What is a Good Way to Renegotiate a Loan?
Full Question:
Answer:
Anything less than the required payment would be considered a breach of contract. What is required to be paid and when is a matter of the contract terms. I am prohibited from giving legal advice, as this service provides information of a general legal nature. If you feel the delay in sale has unfairly put hardship on your friend, I suggest discussing what you both feel is a fair renegotiation of the payments. If you modify or create a new agreement, it is advisable to put the modified or new agreement in writing. Please see the links to the forms below.
Promissory Note: A promissory note is a written promise to pay a debt and is typically signed at the time of the loan. It is an unconditional promise to pay on demand or at a fixed or determined future time a particular sum of money to or to the order of a specified person or to the bearer.
Cognovit Note: A cognovit note is a note in which the maker acknowledges the debt and authorizes the entry of judgment against him or her without notice or a hearing : a note containing a confession of judgment. This type of note is not valid in many States.

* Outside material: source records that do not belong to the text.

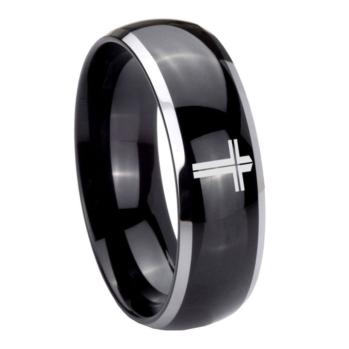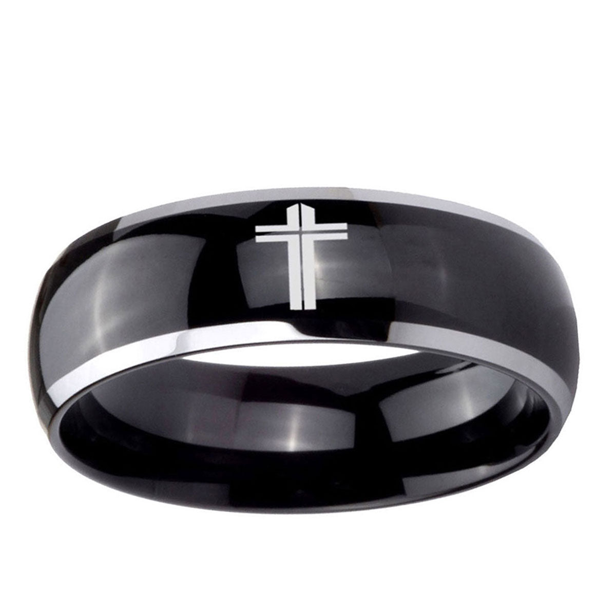 Intruding 5, 8mm Flat Christian Cross Dome Glossy Black 2 Tone Tungsten Wedding Band Ring . Offer in both 5mm and 8mm band width polished black plated two tone finished from size 4 to 14
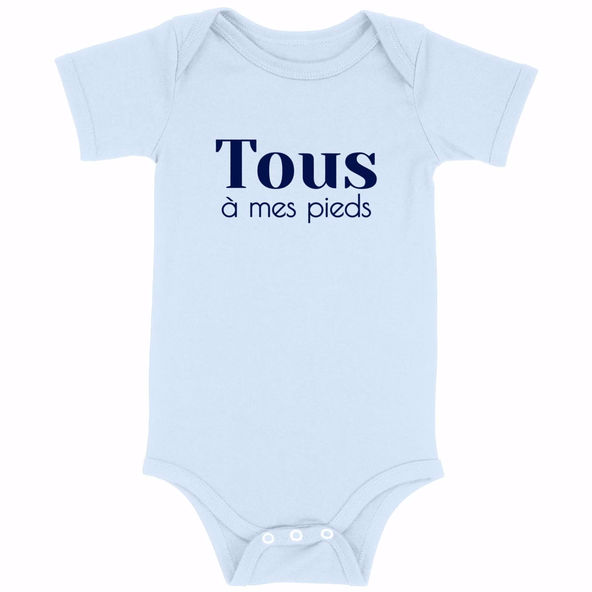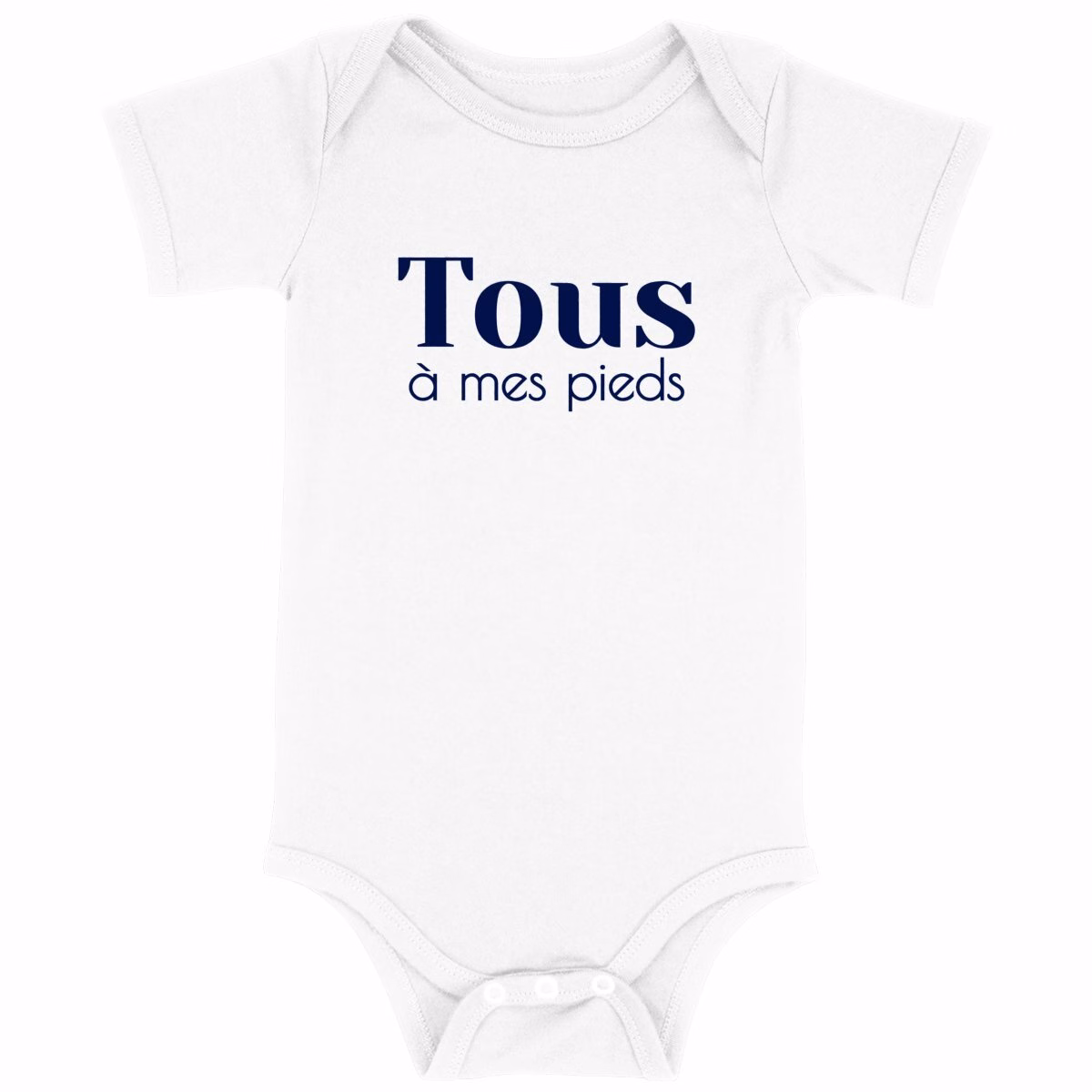 Body bébé en coton biologique certifié GOTS, slogan rigolo Tous à mes pieds, impression en France à la demande, coupe confortable et body écologique parfait pour un cadeau de naissance original.
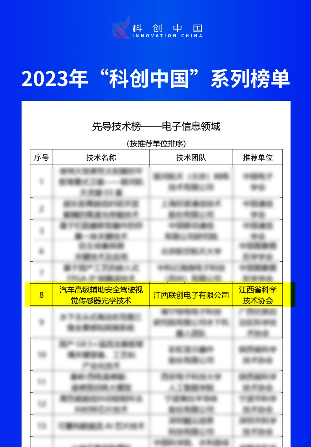 【概要描述】近日,中国科学技术协会公布了2023年度“科创中国”系列榜单遴选结果,江西登录入口有限公司的“汽车高级辅助安全驾驶视觉传感器光学技术”成功入选电子信息领域先导技术榜。
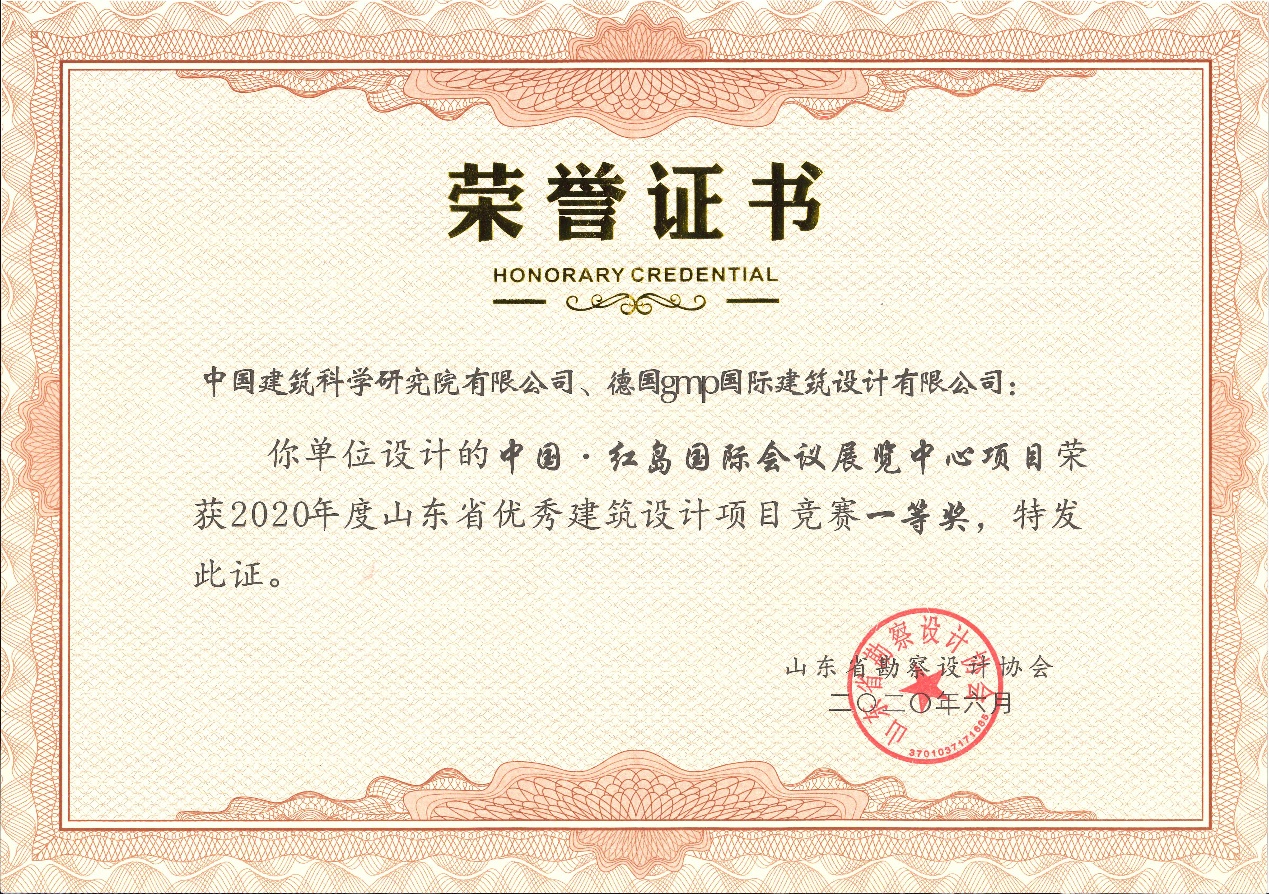 10月23日,由德國(guó)gmp國(guó)際建筑設(shè)計(jì)有限公司與公司聯(lián)合設(shè)計(jì)的中國(guó)·紅島國(guó)際會(huì)議展覽中心項(xiàng)目在2020年度山東省勘察設(shè)計(jì)協(xié)會(huì)優(yōu)秀建筑設(shè)計(jì)項(xiàng)目競(jìng)賽中榮獲一等獎(jiǎng)。

Collateral Note: A collateral note is a note secured by collateral. Same as a secured note.
Demand Note: A demand note is a note payable on demand from the person who is owed the money.
Floating Note: A floating rate note (or adjustable rate note) is a note where interest varies.
Recourse Note: A recourse note is a note where the default may result in loss of collateral and also personal suit and judgment. Most notes are recourse notes.
Renewal Note: A renewal note is a note that renews a previous note due date.
Unsecured Note: An unsecured note is a note that is not secured by any collateral but only the promise to pay (i.e. signature only is required to loan the money).